Appellant challenges the district court’s extension of temporary spousal maintenance for an additional year. Respondent challenges the district court’s decision (1) denying her request for permanent spousal maintenance; (2) terminating appellant’s obligation to provide life insurance security to secure the child support and spousal maintenance; and (3) denying her request for attorney fees. We affirm.
D E C I S I O N
Appellant challenges the district court’s extension of temporary spousal maintenance for an additional year. Respondent challenges the district court’s denial of her request for permanent spousal maintenance.

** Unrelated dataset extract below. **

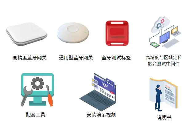 高精度蓝牙网关1个、通用蓝牙网关2个,蓝牙测试标签2个、高精度与区域定位融合测试中间件1个、配置工具1套、安装演示视频1个、产品说明书1套。

Determination of spousal maintenance is a matter within the district court's discretion, which we will not disturb on appeal absent an abuse of that discretion. Erlandson v. Erlandson, 318 N.W.2d 36, 38 (Minn. 1982). “There must be a clearly erroneous conclusion that is against logic and the facts on record before this court will find that the trial court abused its discretion.” Rutten v. Rutten, 347 N.W.2d 47, 50 (Minn. 1984).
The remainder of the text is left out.